Одно сновидение запомнилось мне из тех дней. Я лежу где-то в незнакомом доме. В комнате кто-то есть; темнота не позволяет разглядеть, кто именно. Мне страшно. Я осторожно натягиваю на себя одеяло, кутаюсь в него с головой, боюсь дышать, боюсь шелохнуться. Я чувствую, что неведомое существо приблизилось, садится на кровать, медленно открывает одеяло. Ужас охватывает меня, с трудом я еле протягиваю вперёд руку… Рука касается тёплого, упругого плеча, и я уже знаю, – это сидит Ирина, небывалое счастье потрясает меня… Я просыпаюсь. Налево чернеет южный край неба, видимый сквозь прорезь деревьев. Звёзды кажутся золотыми плодами на концах веток. Они качаются вместе с ними. Окрест одинокий покой, ночь ещё длинна, ночь огромна; на руке у кисти еле слышно, мелко и безразлично тикают часы…

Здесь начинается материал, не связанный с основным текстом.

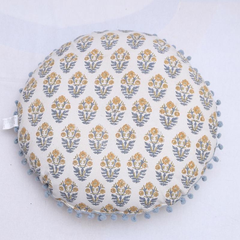 Eco Friendly Bulk Hand Block Print Round Shape Cushions Handmade Organic Cotton for Wholesale Sustainable Home Decoration Gifts

Утром я вставал с болью в костях, одежда была мокра от росы. Чтобы согреться, я делал гимнастику, солнце встречал как избавление. Я удивлялся своим ночным настроениям и мыслям. Делалось непонятным и стыдным, что я, профессиональный революционер, заражался ночными страхами, что меня одолевали глупые детские мечтания. Я шёл в город, с нетерпением искал раннюю чайную.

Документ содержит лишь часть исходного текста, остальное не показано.